One of the biggest advantages of virtualisation is that Virtual Machines (VMs) are easy to provision and deploy, as one does not have to order a physical machine, wait for it, find space for it and then deploy it.
The problem is, the very advantages that VMs offer – cheap, quick easy and effective – make it easy for a company to deploy too many of them without disposing of those that have become obsolete, resulting in virtual server sprawl.
Server sprawl is a term used to describe an environment where a company has numerous, stale and under-utilised servers, which take up more space and consume more resources than can be justified by their assigned workload. This can ultimately inflate a company’s operational costs, as maintaining these VMs require time, money and IT personnel.
Assuming that on average, 30-40% of VMs in a typical enterprise eventually become under-utilised and part of a server sprawl, this could result in a waste of 30-40% of production resources including storage space, processing power and vRAM.

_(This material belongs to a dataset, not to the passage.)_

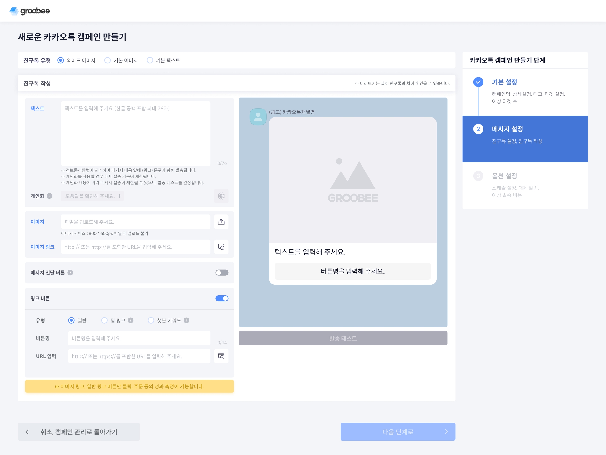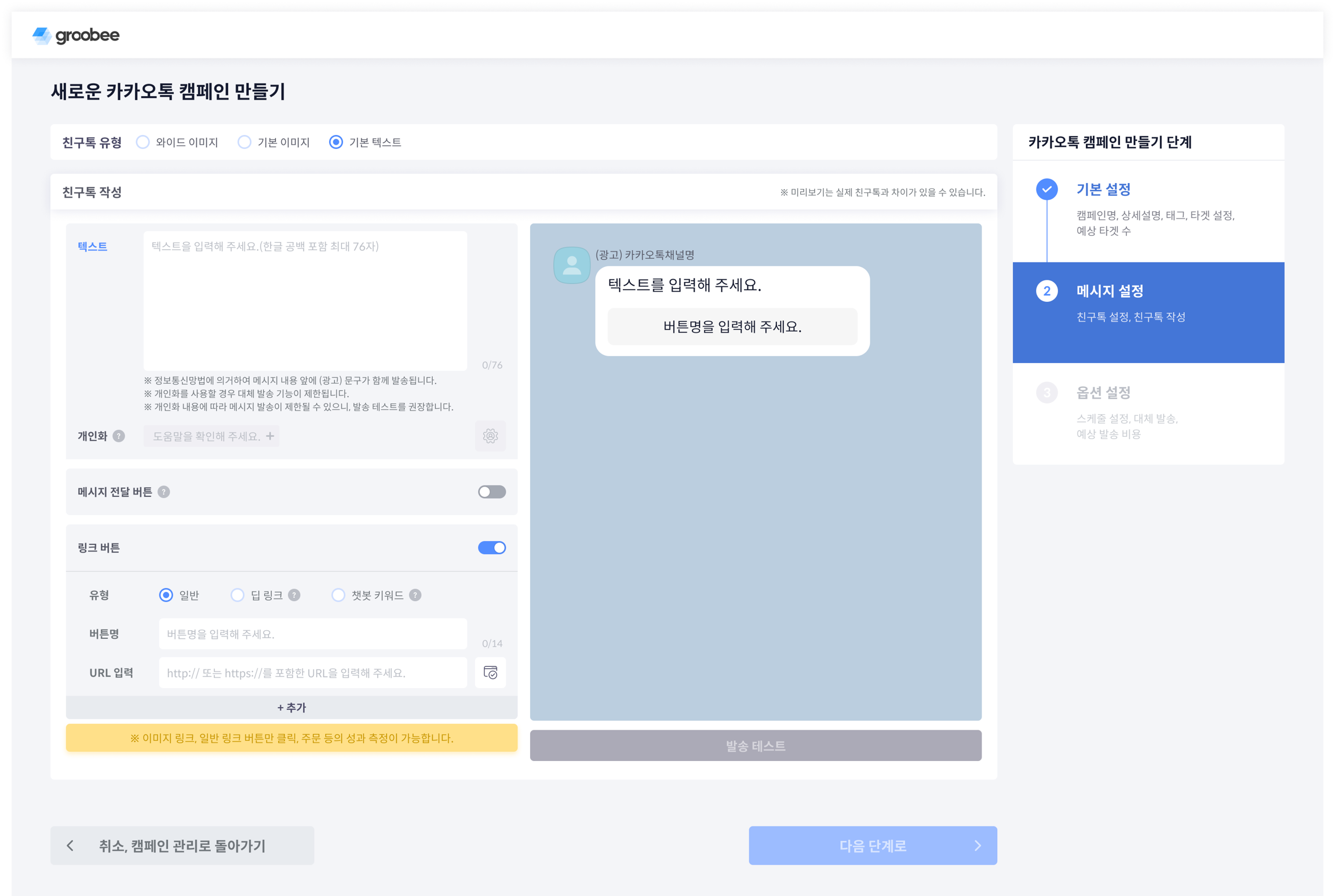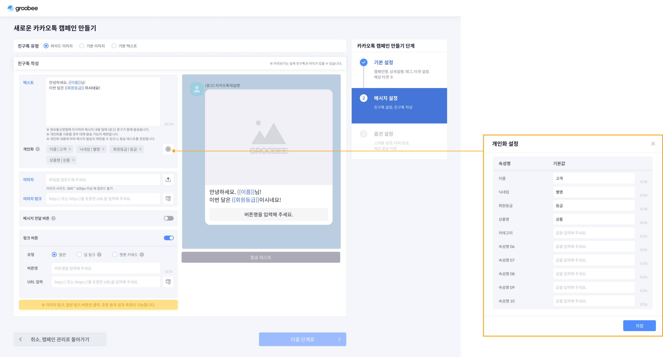 카카오톡 캠페인 2단계 메시지 설정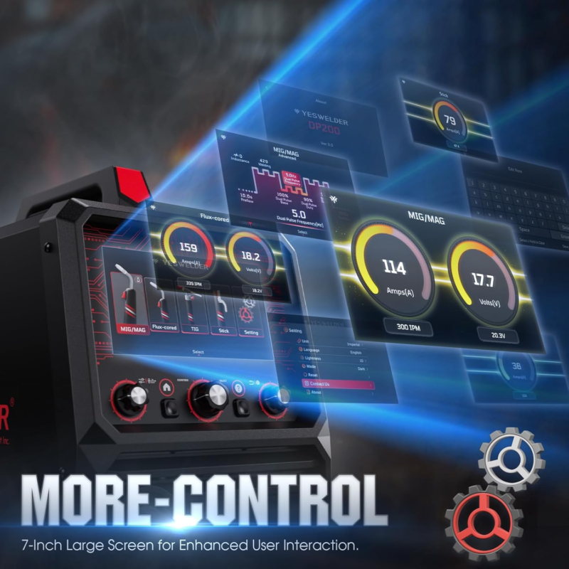 7-Inch Large LCD Screen:The YesWelder IntuiWeld interface allows for seamless adjustments with a simple knob twist, displaying every setting clearly and intuitively. Additionally, the dual-color UI lets you switch between black and white for a more personalized experience.

The causes of virtual server sprawl
Virtual server sprawl is the result of smaller seemingly legitimate decisions that IT may take that eventually build up to something that hurts that company’s operations. Some of them are:
Lack of adherence to policy – Sometimes, the policy set in place to govern the deployment of VMs is not adhered too. This may result in servers that are created and not looked after as per the protocol or the protocols set in place for cleaning up stale VMs that have not been activated as of yet.
The one-off virtual servers that fall outside normal parameters – Some organisations create, use and abandon hundreds of VMs as a normal part of their operations. They usually have well-defined processes to manage the issue. In instances where they occasionally create VMs that fall outside their regular parameters, it may fall through the cracks. Or it may not be directly “owned” administrators, making them wary to delete a machine they don’t know much about, as deletion is permanent and results in data loss.
The fear of disrupting a perfectly good system – When in doubt about the purpose of a system or its workload, an administrator may also be reluctant to disrupt a seemingly well-functioning system, only to have virtual server sprawl creep up on them.
The impact of virtual server sprawl
Virtual server sprawl can have a devastating effect on IT resources and the company’s bottom-line:
– IT staff waste time supporting servers that no longer add value to the business.
– In an environment where there is VM sprawl, stale VMs continue to be stored in tier 1 storage space, which is typically more expensive and of higher quality, instead of moving them to a less expensive storage environment.
– Each VM uses network ports, CPU and RAM, a wasted cost and lost opportunity for alternative usage of these resources for the organisation.
– Unchecked server sprawl results in longer back-up windows due to unnecessary replication of VMs, ultimately affecting disaster recovery operations.
– The organisation risks losing focus on what are mission-critical workloads and may inadvertently implement back-up and recovery processes which, while they may be the most efficient, do not meet the requirements of Service Level Agreements (SLAs) of the individual applications.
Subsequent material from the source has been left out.